2022 Contest

Prize winning images from the 2022 Art of Science contest.

2022 Judges’ Award, Faculty/Project Scientist Participant Category

Bacterial Flowers

"Bacterial Flowers" by Lev Tsimring

When two very different strains of bacteria grow together, something miraculous happens

Diverse interactions among species within bacterial colonies lead to intricate spatiotemporal dynamics (ways they move through space and time), which can affect their growth and survival. These images show some of the complex structures that we discovered when we mixed together motile bacteria, Acinetobacter baylyi, and non-motile, Escherichia coli, and allowed them to grow on a soft agar surface for 24 hours or more starting from a little drop in the center of a Petri dish.

Lev Tsimring is a research scientist associated with the BioCircuits Institute at UC San Diego.

Contributor: Liyang Xiong

Related: L. Xiong, Y. Cao, R . Cooper, W.J. Rappel, J. Hasty, L. Tsimring. Flower-like patterns in multi-species bacterial colonies. eLife, 9: 48885 (2020).

2022 Judges’ Award, Graduate Student Participant Category

Seaweed Kaleidoscopes

"Seaweed Kaleidoscopes" by Adi Khen

Digitally-edited images of seaweed pressings with kaleidoscope effect

Seaweeds can be brown, red or green; calcified, fleshy or in between. Not only are they a main food source to herbivores such as fish, but they can also be used by humans for aquaculture, biofuels, pharmaceuticals and climate mitigation. These kaleidoscope photo edits were made using pressings of common seaweed species found in San Diego, including feather boa kelp (Egregia menziesii), the sea comb (Plocamium pacificum), giant kelp (Macrocystis pyrifera) and chain-bladder kelp (Stephanocystis osmundacea).

Adi Khen is a graduate student associated with the Scripps Institution of Oceanography at UC San Diego, Smith Lab.
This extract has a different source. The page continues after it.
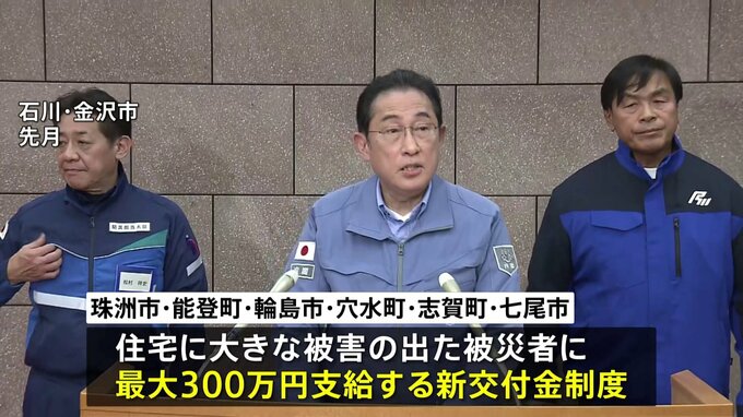 政府が従来の支援金とは別に支給する最大300万円の交付金制度の全容が判明しました。石川県内の対象地域のうち、8割程度の世帯をカバーできるとしています。政府は、被災者生活再建支援法に基づく最大300万円の支…

To watch a video of Adi talking about how their seaweed pressings are made, go to https://www.youtube.com/watch?v=E9AEv8hcIiM

2022 Judges’ Award, Undergraduate Participant Category

Jellyfish

"Jellyfish" by Maggie Yu

3D model of jellyfishes of diffusion tensor imaging

There are many ways to evaluate what is going on inside the human brain using methods like diffusion tensor imaging (DTI). However, I didn’t see any DTI implanted in animals, so I created a prototype of jellyfish DTI using three-dimensional design software.

Maggie Yu is an undergraduate student associated with the Departments of Cognitive Science and Visual Arts at UC San Diego.

2022 Open Voting Winner

Energy Worms

"Energy Worms" by Anne Lyons

Watch an energy regulator on mitochondria, cellular powerhouses that go wherever energy is needed

Mitochondria are the part of cells responsible for producing energy using the sugars we get from food and the oxygen we breathe. This energy we have readily available at any point is monitored by a protein called AMPK. If we don't have a lot of energy available, AMPK tells other parts of the cell to focus less on building and more on breaking things down to create more energy. In this image, a fluorescent sensor that can detect when AMPK is "talking" or "quiet" was attached to the mitochondria. With certain lower energy conditions, AMPK talks louder and we see even greater brightness from the sensor in our images. Understanding this conversation AMPK starts is important in studying energy-related diseases like diabetes and cancer.

Anne Lyons is a graduate student associated with the Department of Bioengineering at UC San Diego, Jin Zhang Lab.